And one final note: Win xp, vista, 7...they don't support packet forwarding by default. You need to hack your registry to enable it but you have to be aware of licence vioaltion if you decide to do so


----------



## tech_soul8 (Mar 23, 2012)

And you have to tell us which ip addresses are on win 7 machine? Because I don't understand where is 192.168.2.10 located iff you have only two nics on win 7?? It could be just the modem am I wright?


----------



## Shekka (Jan 6, 2012)

poppin said:


> Thanks for the review of what I already knew. Also your miss understanding somewhere. I have 2 separate Internets and NIC 2 has packets stopping 192.168.2.10 because the server is binded to NIC A. I just want it accessible from both external IPs(two different internet gateways). With a network bridge I got it to respond on both externals but when i changed it from 192.168.2.1(was metric 1) as the default gateway to 192.168.1.1(was metric 2). I reversed the metric values and that made it respond only on NIC 1 gateway. That is frustrating. Thanks for trying but, I know some how this is possible. I want it to be configured to use NIC 1 as the main gateway. Even though you say its not possible with route, i think it is especially with a virtual adapter or an internal IP of some sort anyways. Anyways with the ability of computers these days turning a computer into a router is easy, so i figured it might be possible. Looks like i'm getting windows server 2008 .

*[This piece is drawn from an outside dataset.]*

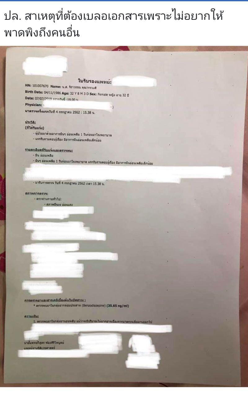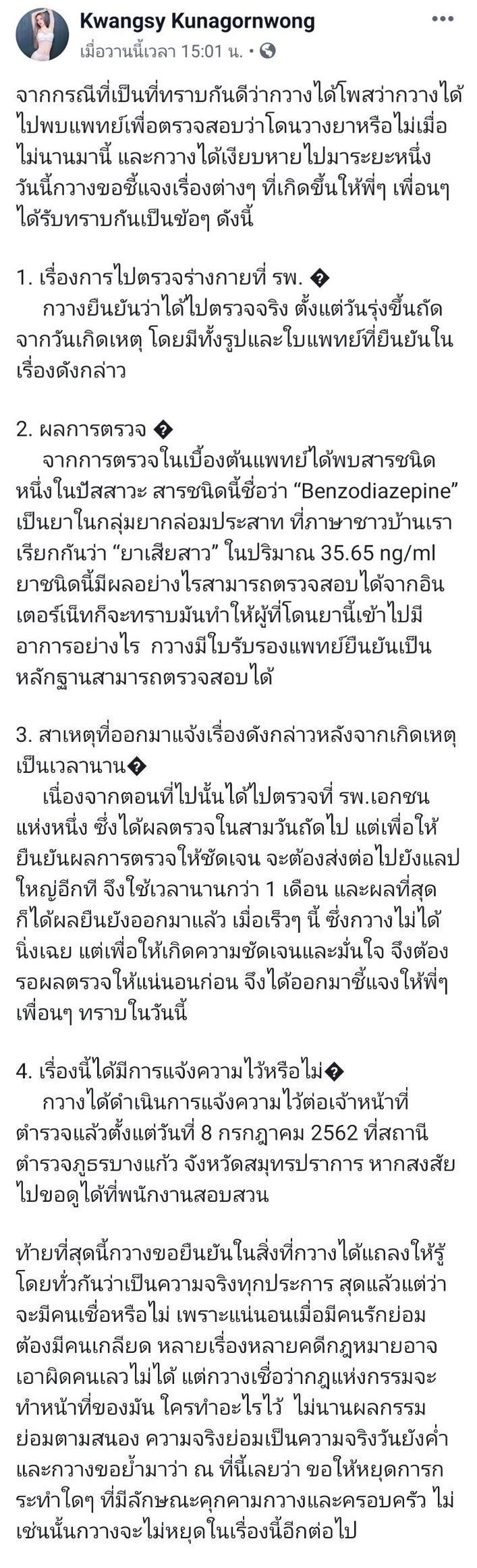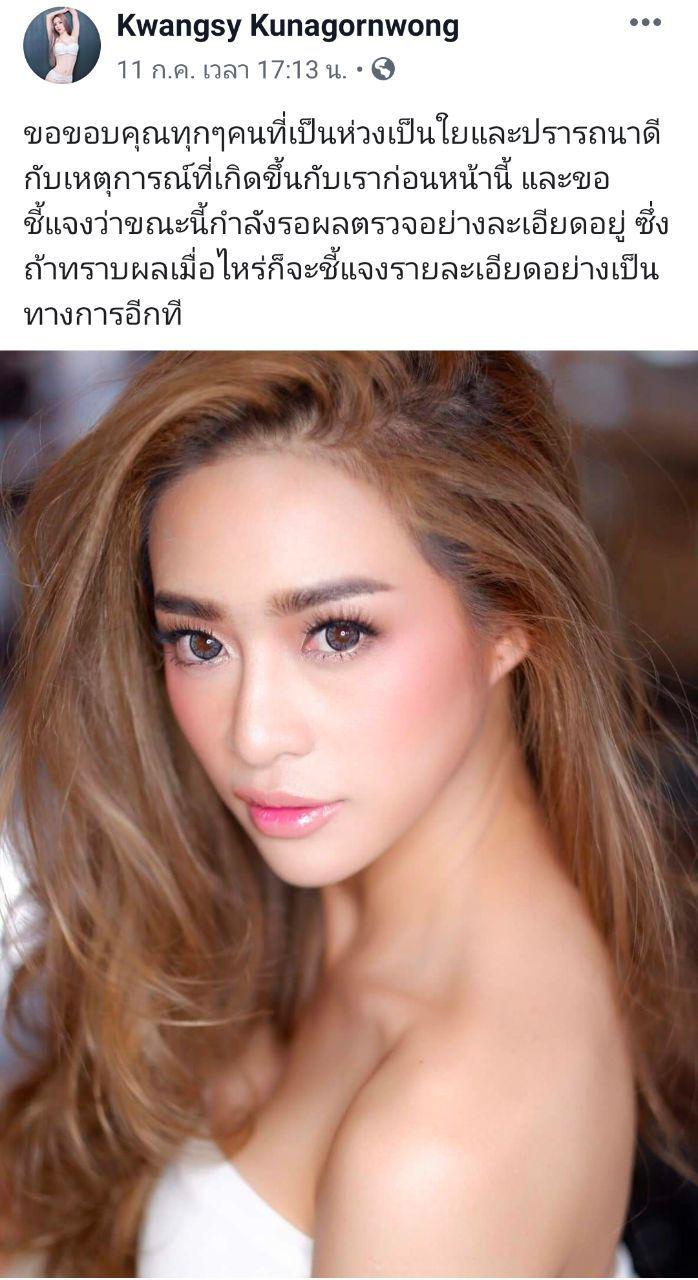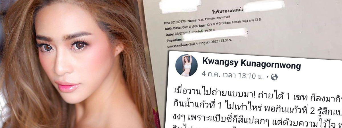 วันที่ 2 กันยายน 2562 มีรายงานว่า ผู้ใช้เฟซบุ๊ก Kwangsy Kunagornwong หรือ กวาง นางแบบเซ็กซี่ ที่มีคนติดตามในเฟซบุ๊กกว่า 7 หมื่นราย ได้โพสต์ภาพใบรับรองแพทย์ลงในเฟซบุ๊ก เผยว่า ตนเองได้ไปพบแพทย์เพื่อตรวจสอบว่าโดนวางยาหรือไม่ โดยได้ตรวจตั้งแต่วันรุ่งขึ้น ถัดจากวันที่เกิดเหตุ ผลการตรวจพบสารชนิดหนึ่ง ซึ่งชาวบ้านเรียกกันว่า "ยาเสียสาว" ในปัสสาวะ ส่วนสาเหตุที่แจ้งเรื่องหลังจากเกิดเหตุนาน เพราะต้องรอผลการตรวจอย่างชัดเจนจากแล็บใหญ่ ซึ่งใช้เวลานานกว่า 1 เดือน โดยตนได้แจ้งความไว้แล้วตั้งแต่วันที่ 8 กรกฎาคม และยืนยันว่าสิ่งที่ตนแถลงเป็นความจริงทุกประการ และที่ต้องเบลอเอกสารเพราะไม่อยากพาดพิงถึงคนอื่น

Getting a server OS is the best option in the end. Client OS's just aren't designed for what you are trying to achieve. 

Good luck.


----------



## poppin (Mar 21, 2012)

delete this single reply


----------



## poppin (Mar 21, 2012)

-NIC A(ip:192.168.1.135|GW:192.168.1.1)------R1(192.168.1.1)--OUT modem isp #1
Server
-NIC B(ip:192.168.2.10|GW:192.168.2.1)-------R2(192.168.2.1)--OUT modem isp #2

The server i'm trying to use binds to a local ip either 192.168.1.135 or 192.168.2.10(I've tried setting 0.0.0.0).

What I have tried is bridging NIC A and NIC B and the server binds to NIC A and then I put the metric for gateway 192.168.2.1(NIC B) to 1 and the server responds on both ips but contacts master server list through NIC B not A but I want it to use NIC A to contact master server so I'm going to try to do this completely the opposite and hopes of an opposite effect.

Edit: I have local web access to BOTH routers.
Also are you stating that route commands in Win7 don't work unless I edit an registry value?


----------



## TheCyberMan (Jun 25, 2011)

Windows 7 does not have routing between nics built in and can't handle it.

Windows server 2008 does thru RRAS.


----------